◆ WORK REQUIRED
Go through the listing below and retype exactly the lines starting at the one with "MABOZOO Memory Foam" and ending at the one with "на рассмотренных моделях, не", skipping pictures.

◆ ENTRIES SUPPLIED
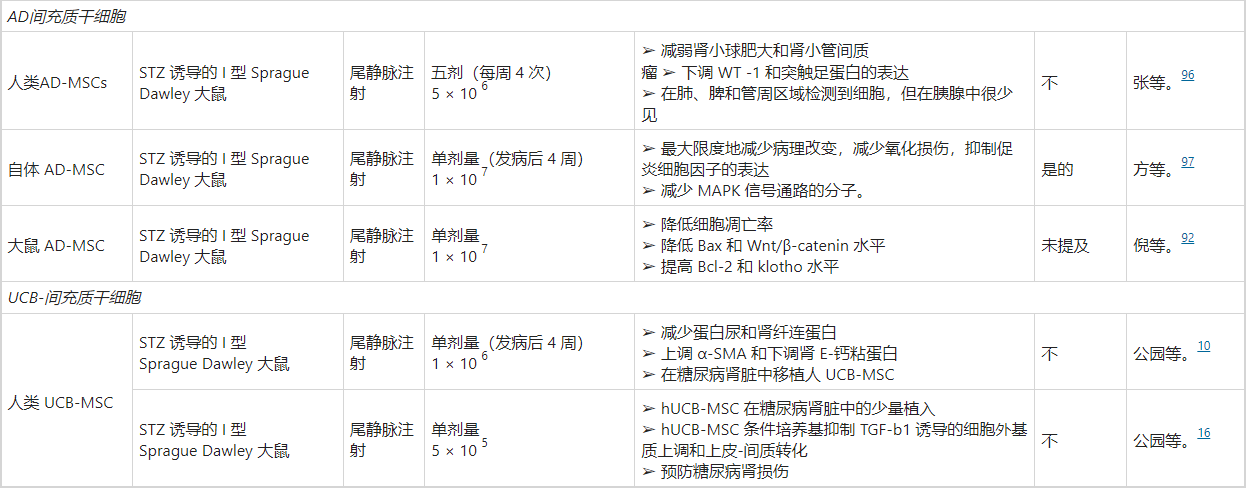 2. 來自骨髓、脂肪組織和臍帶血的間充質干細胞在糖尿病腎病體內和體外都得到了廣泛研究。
==
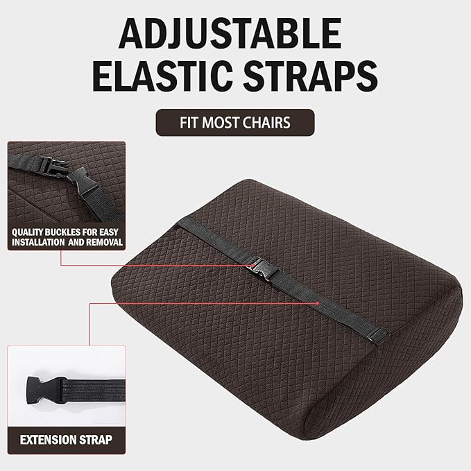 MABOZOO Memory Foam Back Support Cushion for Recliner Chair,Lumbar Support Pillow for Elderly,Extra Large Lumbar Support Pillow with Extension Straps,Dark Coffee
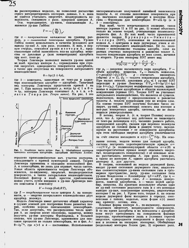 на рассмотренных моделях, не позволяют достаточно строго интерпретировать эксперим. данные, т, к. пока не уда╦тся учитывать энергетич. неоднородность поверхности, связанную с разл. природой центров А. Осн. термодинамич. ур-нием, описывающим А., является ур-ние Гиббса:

◆ SOLUTION FOR THIS EXERCISE
 MABOZOO Memory Foam Back Support Cushion for Recliner Chair,Lumbar Support Pillow for Elderly,Extra Large Lumbar Support Pillow with Extension Straps,Dark Coffee
 на рассмотренных моделях, не позволяют достаточно строго интерпретировать эксперим. данные, т, к. пока не уда╦тся учитывать энергетич. неоднородность поверхности, связанную с разл. природой центров А. Осн. термодинамич. ур-нием, описывающим А., является ур-ние Гиббса:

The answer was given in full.